Problem details
If a record contains a picture, skip the picture and transcribe the rest exactly.

Information shown
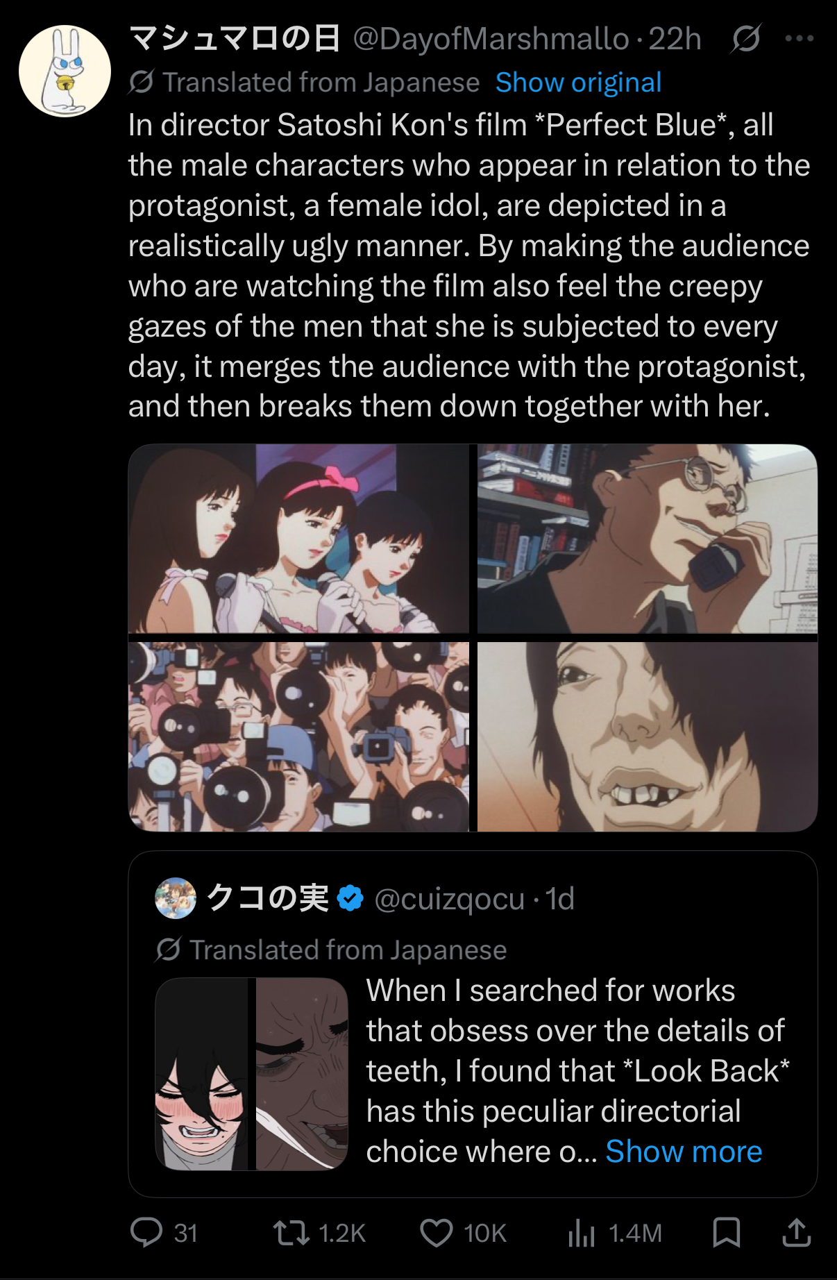 >>220046605No that's just Kon's artstyle, he famously despised idealized appearances and escapism. What a fucking larping retard that poster is.
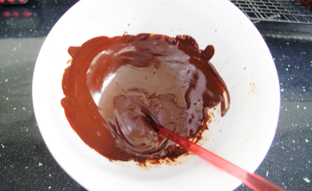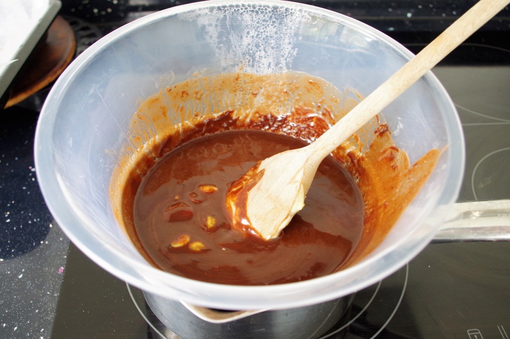 2. Melt together the butter and chocolate, either in a bain marie or use short bursts in a microwave, stirring regularly. Leave to cool a little.
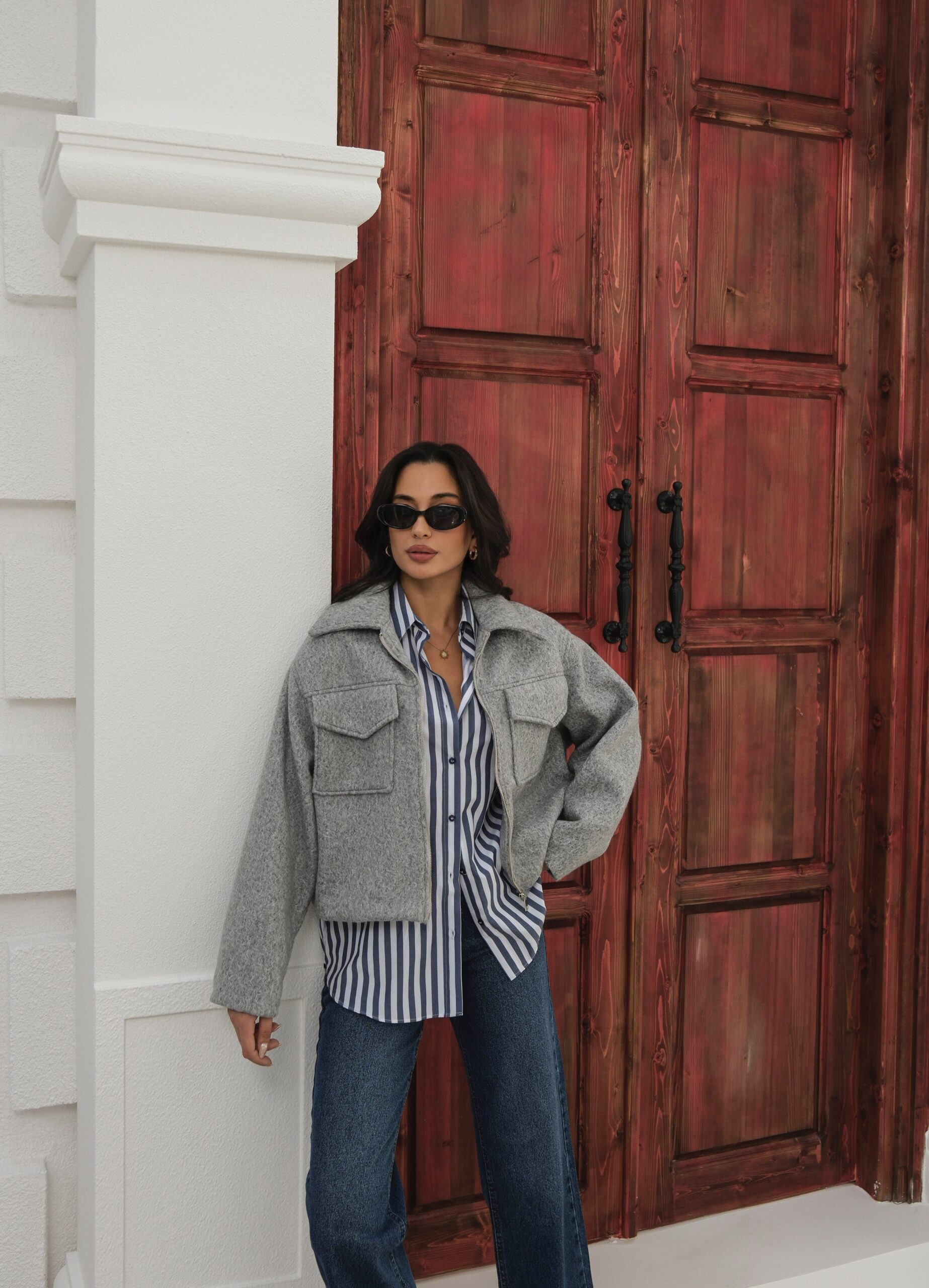 Kapsül Gardırop Buklet Kumaş Mont – Gri
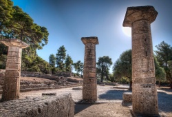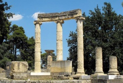 Ilias Sights & Monuments - Discover the magnificent Ancient Olympia in Peloponnese, Greece, known as one of the most significant archaeological sites not only in the region but in the entire country. This sacred site, first established in the 10th century BC, served as a place of worship for Zeus, the king of the gods. It was also home to the first Olympic Games, which began in 776 BC and took place every four years until Emperor Theodosius I banned the pagan event in 394 AD. Originally dedicated to Gaea, the goddess of the earth, Ancient Olympia later became the center of Zeus' cult, with a temple erected in his honor. Experience the birthplace of the Olympic Games at Ancient Olympia in Peloponnese, Greece.
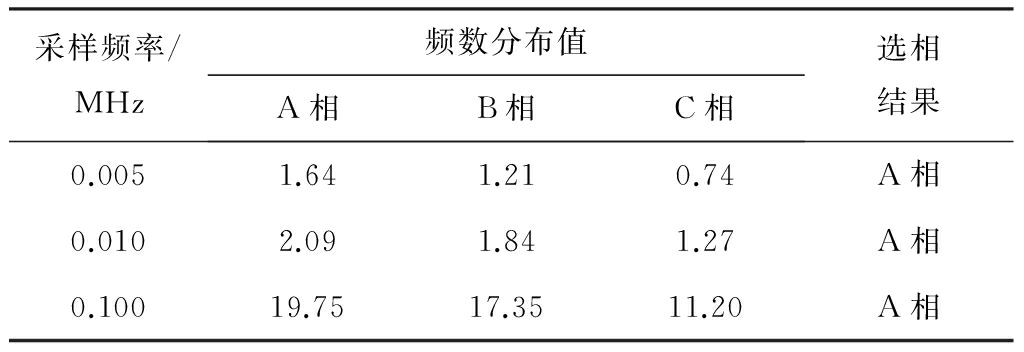由图6可得,A相的频数分布趋势起伏最大,而B,C两相的频数分布趋势较平缓,凭借这一特征很容易选出故障相A,这与前文提出的选相原理完全一致。为更确切地表征故障相与非故障相的频数分布区别,求出相应的频数分布值:6.157,1.215,1.173。由此可得,通过比较频数分布值可以选出故障相。
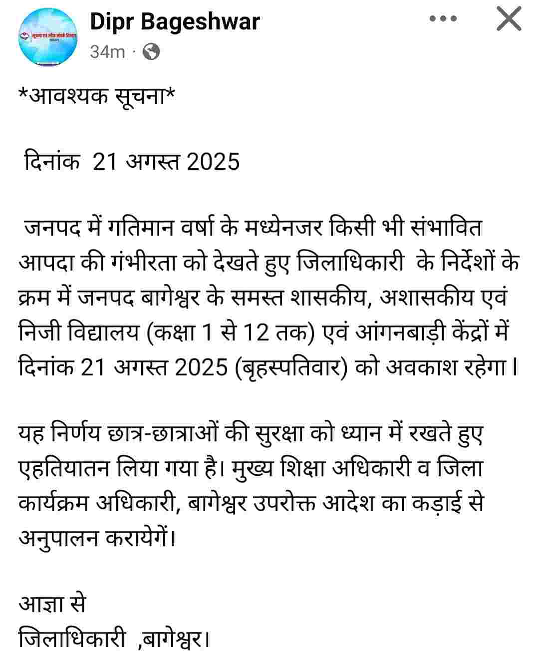 Bageshwar school closed today: बागेश्वर में आज 21 अगस्त को बंद रहेंगे सभी स्कूल
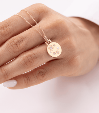 Yıldız Taşlı Madalyon 14 Ayar Altın Kolye

Reply to the task
 >>220046605No that's just Kon's artstyle, he famously despised idealized appearances and escapism. What a fucking larping retard that poster is.
 2. Melt together the butter and chocolate, either in a bain marie or use short bursts in a microwave, stirring regularly. Leave to cool a little.
 Kapsül Gardırop Buklet Kumaş Mont – Gri
 Ilias Sights & Monuments - Discover the magnificent Ancient Olympia in Peloponnese, Greece, known as one of the most significant archaeological sites not only in the region but in the entire country. This sacred site, first established in the 10th century BC, served as a place of worship for Zeus, the king of the gods. It was also home to the first Olympic Games, which began in 776 BC and took place every four years until Emperor Theodosius I banned the pagan event in 394 AD. Originally dedicated to Gaea, the goddess of the earth, Ancient Olympia later became the center of Zeus' cult, with a temple erected in his honor. Experience the birthplace of the Olympic Games at Ancient Olympia in Peloponnese, Greece.
由图6可得,A相的频数分布趋势起伏最大,而B,C两相的频数分布趋势较平缓,凭借这一特征很容易选出故障相A,这与前文提出的选相原理完全一致。为更确切地表征故障相与非故障相的频数分布区别,求出相应的频数分布值:6.157,1.215,1.173。由此可得,通过比较频数分布值可以选出故障相。
 Bageshwar school closed today: बागेश्वर में आज 21 अगस्त को बंद रहेंगे सभी स्कूल
 Yıldız Taşlı Madalyon 14 Ayar Altın Kolye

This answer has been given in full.